[Saved entries]
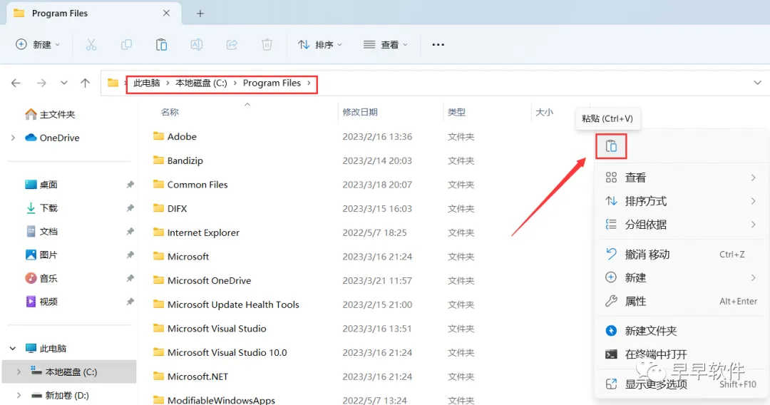 27、回到C盘下的Program Files文件夹,右键文件夹的空白处,点击【粘贴按钮】
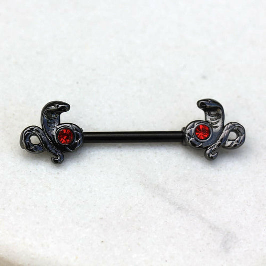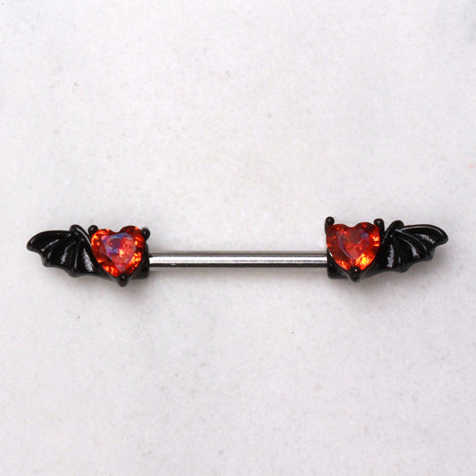 Black PVD Plated Red Heart Bat Wing Nipple Bar
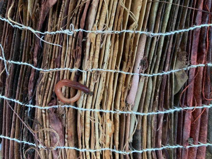 These experiments become pages for a Coptic bound book, 99% ‘waste’ and 1% vintage linen thread, and hours and days of stitching labour. The book I created is given to the worms, part of the composting cycle.
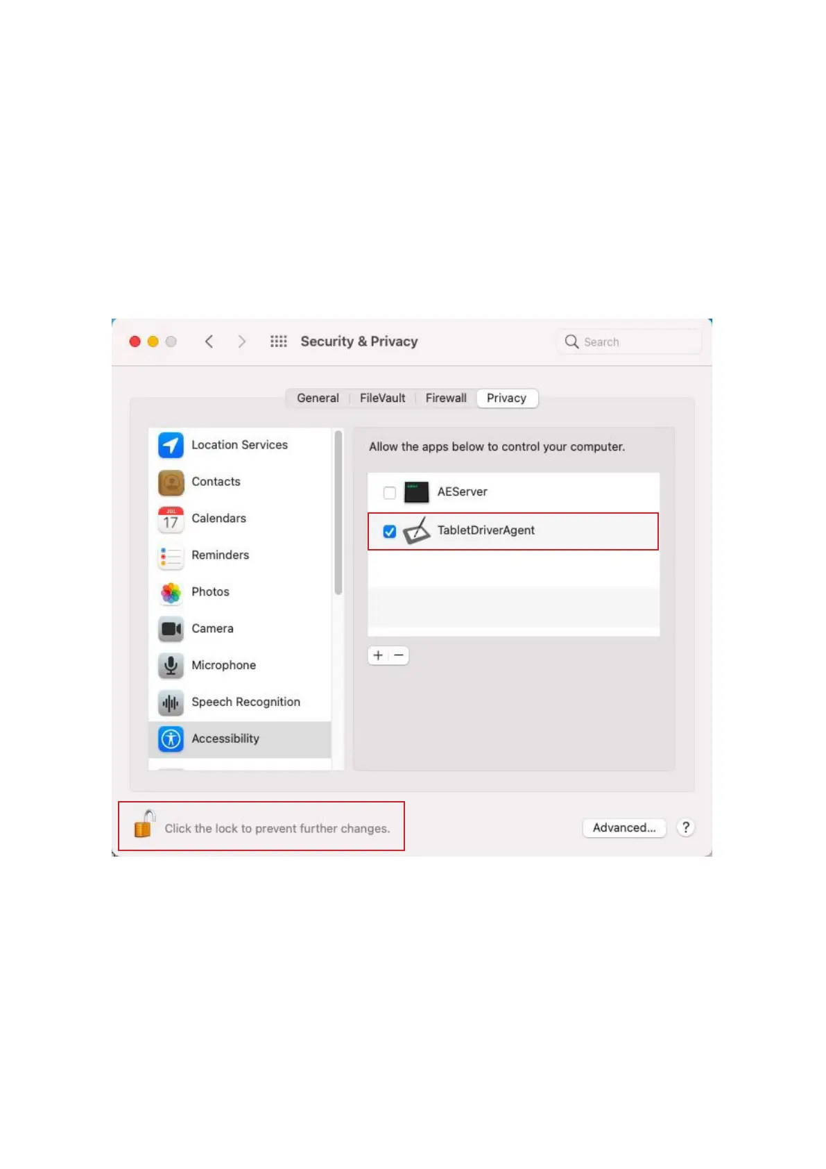 Privacy" window appears. Click the lock icon in the lower left corner to make
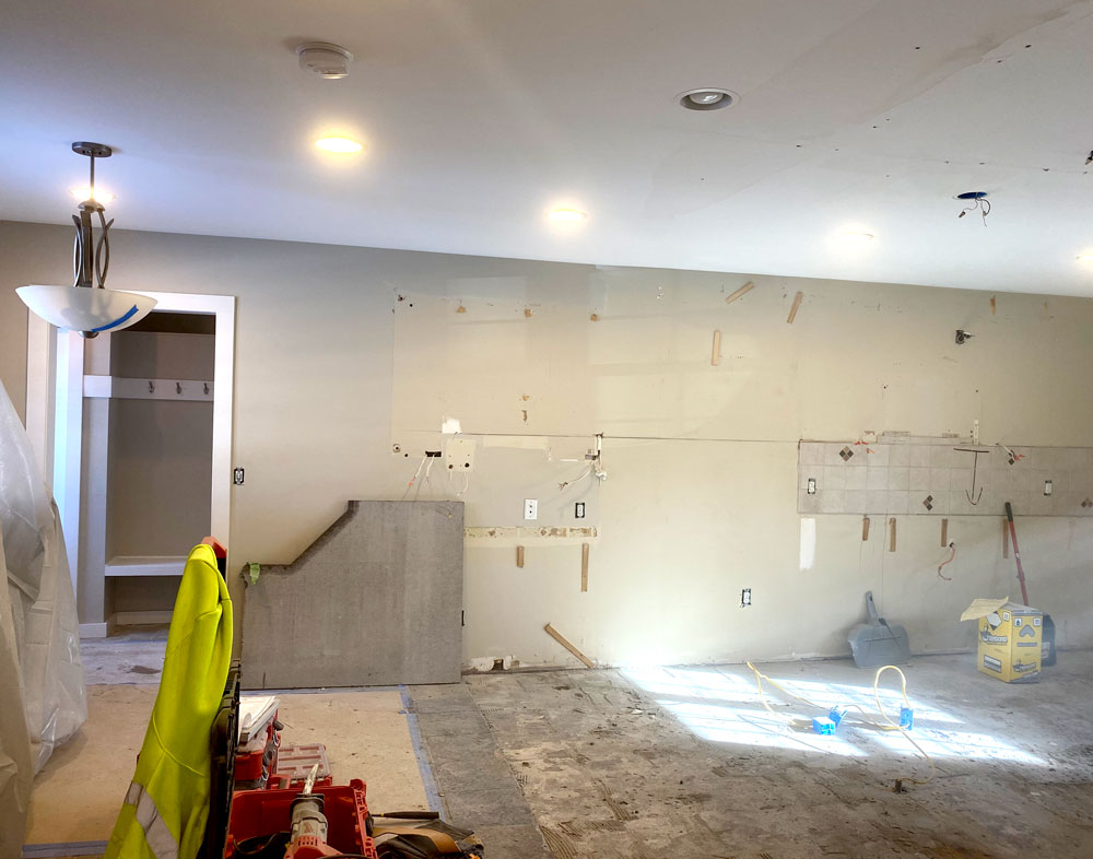 Our crew demos the existing kitchen, removing cabinets, countertops, light fixtures, appliances, and flooring.
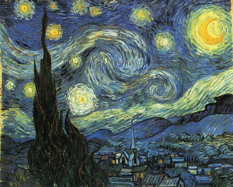 가만히 이 작품을 들여다보면 거기에는 ‘밤’의 운행이 있다. 드문드문 위치한 조그만 마을의 집들에 불이 꺼지면 원래부터 이 세계에 존재했으나 그 존재감을 과시하지 않았던 수많은 존재들이 조용히 그러나 매우 강력하게 자신을 드러낸다. 칠흑 같은 하늘은 풍부하고 강렬한 보라색, 파란색, 초록색을 머금고 달과 별을 끌어안는다. 별들은 자신이 태어날 때부터 가지고 있었던 강력한 에너지를 내뿜으며, 지금 우리의 눈 앞에 우주의 비밀을 폭로한다. 하늘 아래 검은 산도 짙은 그림자를 드리우며, 우주적 운행에 참여한다. 전면에는 반 고흐가 좋아했던 거대한 사이프러스 나무가 반 고흐 자신의 인용인 “오래된 숲의 선들처럼 비틀린 선”처럼 하늘을 향해 불타오르며 ‘깊은 시간’의 존재를 드러낸다. 이에 비하면 아주 왜소해 보이는 마을 교회의 첨탑이, 그나마 하늘과의 교신을 위한 인간의 노력을 보여주려는 듯, 높다랗게 솟아있다. |
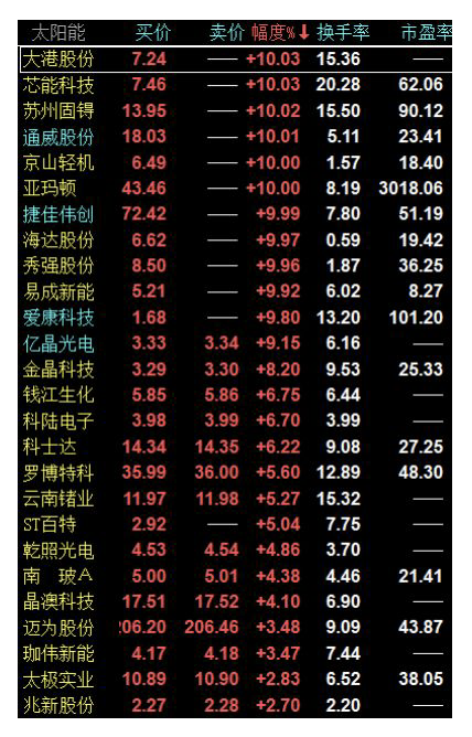 同样延续昨日光伏强势,在今天沪市大盘跌20.83点的大环境下,光伏版块表现强劲,成为今天大盘最好的逆行者!捷佳伟创、易成新能、海达、金晶科技、科陆电子、罗博特科、晶澳、迈为、太极实业均表现优异。
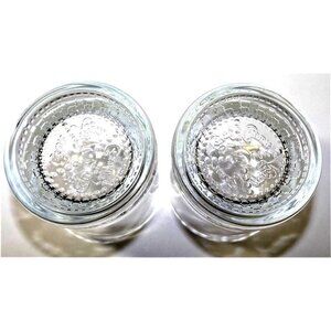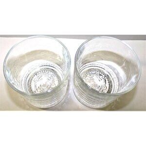 Set of two Crown Royal short (3.5 inches) rocks glasses. Glasses are made in Italy. and the words, Crown Royal, are molded in the bottom of each glass. They are in excellent used condition - no visible cracks, chips, fleabites or crazing.
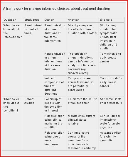 Para tomar decisiones informadas sobre la duración, los ensayos clínicos donde se “ensaye” directamente la duración de la intervención, proporcionan la mejor evidencia. Pero este tipo de ensayos no son muy habituales con lo que los autores hacen una propuesta sobre el tipo de estudios que podemos utilizar para responder a las interrogantes sobre duración en ausencia de tales ensayos (ver tabla)
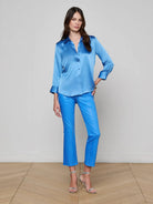 L'emblématique chemise Dani en soie à boutons de L'AGENCE est un indispensable de toute garde-robe. Ce best-seller intemporel, de retour dans un bleu régate éclatant, est confectionné avec des manches 3/4 conçues pour mettre parfaitement en valeur vos bijoux. Il est donc inutile de retrousser les manches. Portez cette chemise avec un jean blanc pour une tenue toute en fraîcheur.
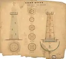 In 1872 plans were drawn for a new lighthouse,[2] and tenders were called.[7] The winning tender, for £749,[8] was by the brothers John and Jacob Rooney of Maryborough, which also constructed Sandy Cape Light, Cowan Cowan Point Light, Cape Capricorn Light, Cape Bowling Green Light[4] and Booby Island Light.[9] The lighthouse was established in 1873, the third to be erected in Queensland since its formation in 1859, following Bustard Head Light in 1869 and Sandy Cape Light in 1870.[2][10] By then, the guano mining operation has almost completely cleared the vegetation on the island.[10] This was made worse by a herd of goats which were imported for meat and milk, which ate all growing vegetation.[11] As the island had little topographical features to offer protection, to begin with, the station was completely unprotected from the powers of nature.[10]
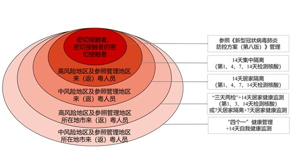 4.对有高风险地区所在地市及参照管理地市(除高中风险地区外)旅居史来(返)粤人员:“三天两检”和14天居家健康监测;*参照高风险地区所在地市管理(2个):江西省上饶市;河南省郑州市。
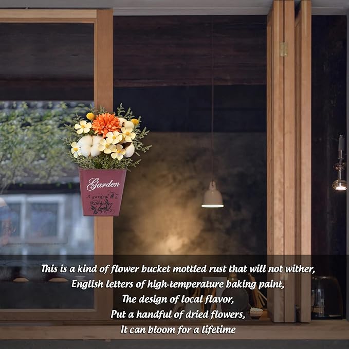 - [Style]The small iron bucket in candy color is very beautiful.Hand-painted 3-color (red, green and white) flower barrel with rural and idyllic style.It is recommended to buy with multi-color matching, which is more brilliant.
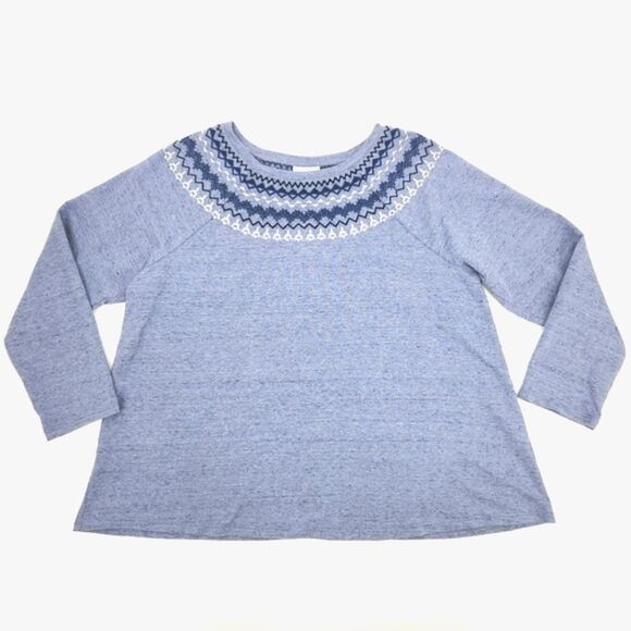 J Jill Fair Isle Embroidery Long Sleeve Top Sweatshirt Women Extra Large XL Blue
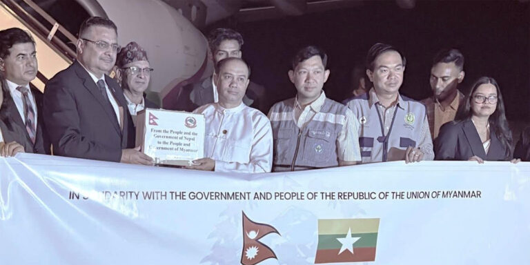 “म्यानमारमा भूकम्पले ठूलो क्षति गरेको छ, यस्तो अवस्थामा नेपाल सरकार र निजी क्षेत्रबाट प्राप्त २७ टन बराबर राहत सामग्री यहाँको सरकारलाई उपलब्ध गराइएको हो”, सहसचिव अधिकारीले भने, “नेपाल सरकारले आगामी दिनमा पनि सहयोगलाई निरन्तरता दिनेछ, यसप्रकारको सहयोग आदानप्रदानले दुई देशबीचको मित्रता अझ प्रगाढ बन्नेछ ।”
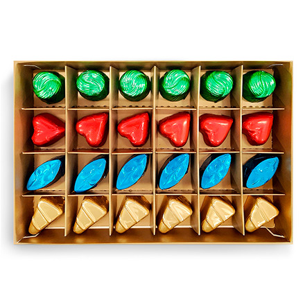 Микс конфет ручной работы с ликерной начинкой. В наборе 24 конфеты, без подарочной упаковки.
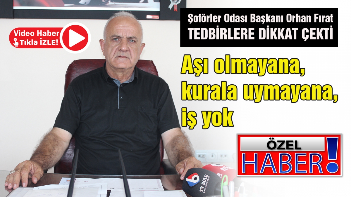 Bolu Şoförler Odası Başkanı Orhan Fırat, Covid-19 tedbirleri konusunda oda olarak gerçekleştirdikleri çalışmalar ve alınan tedbirler konusunda değerlendirmeler yaptı. Fırat odaya bağlı esnafın tedbirler konusunda son derece hassas davrandığını söyledi. Fırat alınan tedbirler konusunda şu değerlendirmeleri yaptı:
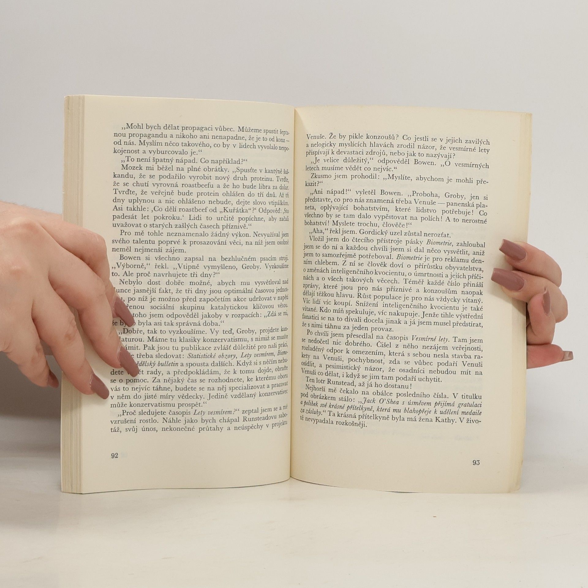 Spojené státy za sto let. Přelidněný svět ovládají gigantické reklamní společnosti. Zabití v rámci průmyslové msty se považuje za běžný přestupek, ale zabití bez výstrahy - to je obchodní urážka. Rozpoutává se bezohledná bitva o největší kšeft lidské historie - o právo kolonizovatVenuši. V nejprudším ohni se ocitá šéftextař projektu Venuše Mitchell Courtenay, proti němuž se staví nejenom konkurenční reklamní společnost a podzemní hnutí konzoušů, ale i jeho vlastní žena Kathy. Život Courtenayem smýká z USA na jižní pól, na plantáže koncernu Chlorella v Kostarice i na osídlený Měsíc a uchystává mu překvapení za překvapením - s největším šokem, jak se sluší a patří, nakonec. -- zdroj: legie.info --

Problem statement — In the data above, find the line with "- [Style]The small" and the line with "J Jill Fair". Please copy exactly those two lines and every line between them, but not the pictures.

Answer to the exercise —
 - [Style]The small iron bucket in candy color is very beautiful.Hand-painted 3-color (red, green and white) flower barrel with rural and idyllic style.It is recommended to buy with multi-color matching, which is more brilliant.
 J Jill Fair Isle Embroidery Long Sleeve Top Sweatshirt Women Extra Large XL Blue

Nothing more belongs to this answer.